**Task goal:** In the records that follow, find the line with "SAS ADAM, Menuiseries bois - PVC - alu"; from there, retype every line exactly through the line with "En automóviles y", which also belongs to the answer.

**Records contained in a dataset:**
══════
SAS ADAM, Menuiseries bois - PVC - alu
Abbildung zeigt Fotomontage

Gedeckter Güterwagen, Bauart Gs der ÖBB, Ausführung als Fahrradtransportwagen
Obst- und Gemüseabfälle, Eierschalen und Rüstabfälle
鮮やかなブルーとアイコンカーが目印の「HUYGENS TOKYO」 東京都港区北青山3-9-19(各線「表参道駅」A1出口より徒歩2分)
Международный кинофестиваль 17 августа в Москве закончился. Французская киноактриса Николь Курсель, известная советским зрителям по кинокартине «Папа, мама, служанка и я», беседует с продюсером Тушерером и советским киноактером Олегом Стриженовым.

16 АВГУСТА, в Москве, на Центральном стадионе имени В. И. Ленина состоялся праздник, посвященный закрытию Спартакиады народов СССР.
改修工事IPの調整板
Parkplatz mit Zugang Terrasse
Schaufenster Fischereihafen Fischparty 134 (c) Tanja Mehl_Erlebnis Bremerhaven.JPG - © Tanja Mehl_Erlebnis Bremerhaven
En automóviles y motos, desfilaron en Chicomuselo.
══════
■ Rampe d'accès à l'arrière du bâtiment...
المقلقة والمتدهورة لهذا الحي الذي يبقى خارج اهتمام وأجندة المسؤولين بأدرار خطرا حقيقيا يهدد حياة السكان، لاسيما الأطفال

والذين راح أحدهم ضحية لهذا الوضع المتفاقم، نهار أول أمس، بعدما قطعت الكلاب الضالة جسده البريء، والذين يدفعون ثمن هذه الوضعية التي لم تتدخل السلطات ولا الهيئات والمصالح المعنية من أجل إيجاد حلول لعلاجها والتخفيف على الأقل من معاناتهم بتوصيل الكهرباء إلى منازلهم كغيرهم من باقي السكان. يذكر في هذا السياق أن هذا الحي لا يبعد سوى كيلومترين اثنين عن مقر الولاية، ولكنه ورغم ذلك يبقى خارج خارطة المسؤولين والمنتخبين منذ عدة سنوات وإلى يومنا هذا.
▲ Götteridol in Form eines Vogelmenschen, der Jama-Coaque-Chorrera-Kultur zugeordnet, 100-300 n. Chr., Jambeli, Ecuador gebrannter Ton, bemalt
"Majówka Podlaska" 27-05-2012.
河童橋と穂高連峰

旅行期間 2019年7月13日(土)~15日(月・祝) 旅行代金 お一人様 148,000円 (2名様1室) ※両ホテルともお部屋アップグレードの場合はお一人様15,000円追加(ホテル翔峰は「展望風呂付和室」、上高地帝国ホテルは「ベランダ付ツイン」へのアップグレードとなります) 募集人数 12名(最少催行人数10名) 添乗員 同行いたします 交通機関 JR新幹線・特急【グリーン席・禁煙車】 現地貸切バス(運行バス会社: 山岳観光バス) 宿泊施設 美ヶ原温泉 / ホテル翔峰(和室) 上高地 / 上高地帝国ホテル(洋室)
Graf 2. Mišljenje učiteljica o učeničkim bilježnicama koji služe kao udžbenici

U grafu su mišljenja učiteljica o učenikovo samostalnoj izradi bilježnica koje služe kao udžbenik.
══════
**Reply:**
SAS ADAM, Menuiseries bois - PVC - alu
Abbildung zeigt Fotomontage

Gedeckter Güterwagen, Bauart Gs der ÖBB, Ausführung als Fahrradtransportwagen
Obst- und Gemüseabfälle, Eierschalen und Rüstabfälle
鮮やかなブルーとアイコンカーが目印の「HUYGENS TOKYO」 東京都港区北青山3-9-19(各線「表参道駅」A1出口より徒歩2分)
Международный кинофестиваль 17 августа в Москве закончился. Французская киноактриса Николь Курсель, известная советским зрителям по кинокартине «Папа, мама, служанка и я», беседует с продюсером Тушерером и советским киноактером Олегом Стриженовым.

16 АВГУСТА, в Москве, на Центральном стадионе имени В. И. Ленина состоялся праздник, посвященный закрытию Спартакиады народов СССР.
改修工事IPの調整板
Parkplatz mit Zugang Terrasse
Schaufenster Fischereihafen Fischparty 134 (c) Tanja Mehl_Erlebnis Bremerhaven.JPG - © Tanja Mehl_Erlebnis Bremerhaven
En automóviles y motos, desfilaron en Chicomuselo.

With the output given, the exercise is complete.